Yesterday morning I got up at seven and walked across the street to the local Starbucks, where I picked up my weekly copy -- the Saturday edition -- of Pravda-on-the-Hudson. The advertisements are fewer on Saturdays; and the articles include some of the more thoughtful passages that the weekday editions omit.
What I found was a striking example of managed news, one which I thought it not unseemly to detail at sufficient length to convey the parallel with that of the late, great, not-very-much-lamented Soviet Union's Newspaper of Record.
The big story of the day was the plan of the United States Treasury to sink another large bundle of funds into propping up the large national banks. The lead spread across two columns on the upper-right-hand corner, twice the size of the usual headline: Treasury Plans to Provide Loans to Buy Bad Assets." The plan had already been criticized, in a number of knowledgeable quarters (including but not limited to Paul Krugman), for continuing the mind-set that had produced the credit meltdown in the first place: that is, the belief that the transfer of immense stocks of cash to the very same banks that had imprudently risked opaque credit swaps in the amounts of many billions was in some magical way going to right the leaning tower of financial institutions and end the crisis.
Two pictures, with captions, just above the fold on the front page provided editorial criticism, or, more accurately, editorial direction to the reader. "A Voice Modulates" in capital letters underneath the portrait of New York State Attorney General Andrew Cuomo introduced the thought that the concerned public official "has given voice to disgust with the financial industry's abuses. But now, he's wondering if the baying has grown too loud"; "Time to Calm Down" beneath a picture of a woman demanding leaders of the American Insurance Group be sent to jail led to the judgement that "the political reaction to the economic crisis is making the situation worse, with the Treasury Department caught off guard. . . and Congress simply out of control."
The entire top of the front page not given to this calming message contained a picture, four columns wide, of the First Lady, Michelle Obama, planting a vegetable garden in the South Lawn of the White House. It was the caption, again, that did the didactic duty: "White House Foresees Growth This Year."
Readers of The Economist, published in London, are advised that the International Monetary Fund is predicting a 3% decline in gross domestic product in the U.S. in 2009, and no change in 2010; but the New York Times, more accurately Pravda-on-the-Hudson, smarmingly captions a picture of a group of people planting a garden with claims of growth being foreseen.

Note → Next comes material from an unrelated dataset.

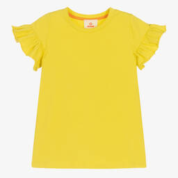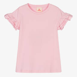 Red cotton T-shirt for girls by Joyday, exclusive to Childrensalon. Soft, comfortable and easy to wear, it is made in stretchy jersey with pretty layered ruffles on the short sleeves.
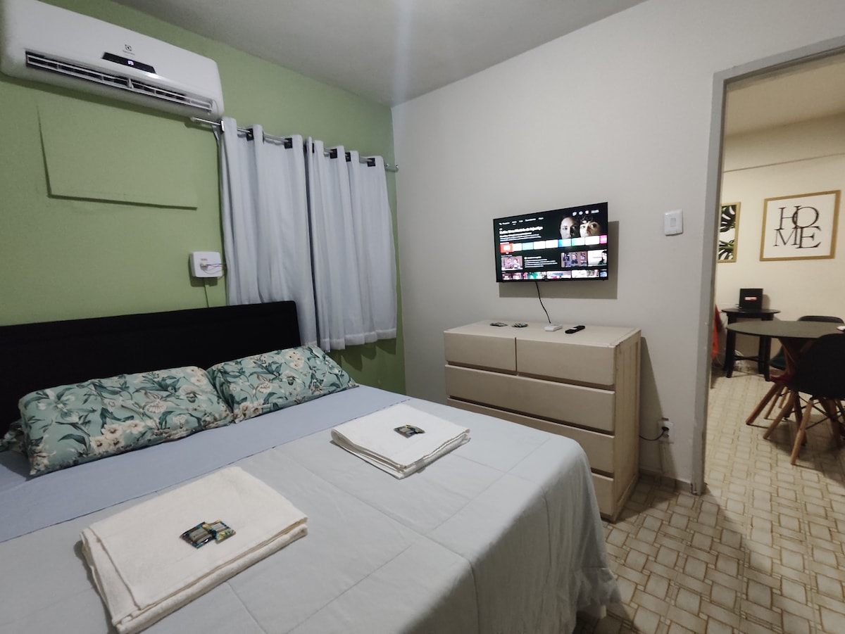 Espacio bien equipado con suite. Tiene aire acondicionado, TV inteligente, minibar, cama doble y escritorio. Cocina exterior compartida, equipada con estufa, refrigerador, mesa, cafetera, sandwichera, microondas, entre otros. Hay una parrilla con zona abierta para el ocio. La cocina está bien equipada con lo necesario para preparar tus comidas. El entorno es tranquilo, familiar y muy bien ubicado. Cerca del aeropuerto de Guararapes, el centro de la ciudad, la ciudad universitaria, Boa Viagem, Olinda...

Sikpping the puff-piece on page A11 telling us how steely-stern Andrew Cuoma is, yet aware of the drawbacks of too much outrage, and glancing over the usual obsequious "White House Memo" -- for more than a decade a grant by the newspaper of whatever the White House wants to have published -- on the facing page A10 ("As the Public Simmers, Obama Lets Off Steam" read the headline, and the 'hard news' therein was the fact that the President said once "The buck stops with me" in answer to a reporter's question), I turned to the editorial page.
Three-quarters of the space devoted to readers' letters had the headline "An Overreaction to AIG Bonuses?" The reader did not need, by this time, to be told that the question mark was purely a formality. The carefully-selected first letter, and second and third and fourth, all answered in the positive. "Our elected leaders," wrote Hilda Blair of New York City, "need to stop falling over one another to declare their outrage and instead start focusing on passing programs that will get our economy back on track."
The the economy has been going "off track" since at least 1980 is not to be contemplated.
"The grandstanding members of Congress who questioned [A.I.G. Chief Executive Officer] Edward M. Liddy on Wednesday ignored the substance of his testimony," began Bill Mullin, of Minneapolis, Minnesota, and concluded with "Mr Liddy is a hero who deserved better treatment from our representatives."
That one usually does not regard it as heroic to conduct business as usual, giving millions in bonuses to financial officers whose poor judgement had already cost their investors billions, was not to be contemplated.
And so forth. No letter applauded the expressed hostility toward the decisions by the large financial conglomerates receiving public bailout funds to shower large bonuses upon their employees. All the letters' authors seemed to share the editors' concern that the expression of opposition to immense executive pay packages, fifty to a hundred times the salaries of 20 years ago, was dangerous to the public weal.
Facing this little display of groupthink was the Op-Ed page. Guess what, reader? About half the page was devoted to a large diagram showing how small the A.I.G. executive bonuses -- 165 million dollars -- were compared to the 170 billion dollars given to A.I.G. by the US government. This was accompanied by the opinion column of Charles M. Blow entitled -- at this point, what else? -- "Anger Mismanagement."
The very next page, B1 had across four-fifths of the top the headline "Why Flogging A.I.G. Isn't Solving the Underlying Problem," which might well be the truth for all I know, but the context says something beyond dispute.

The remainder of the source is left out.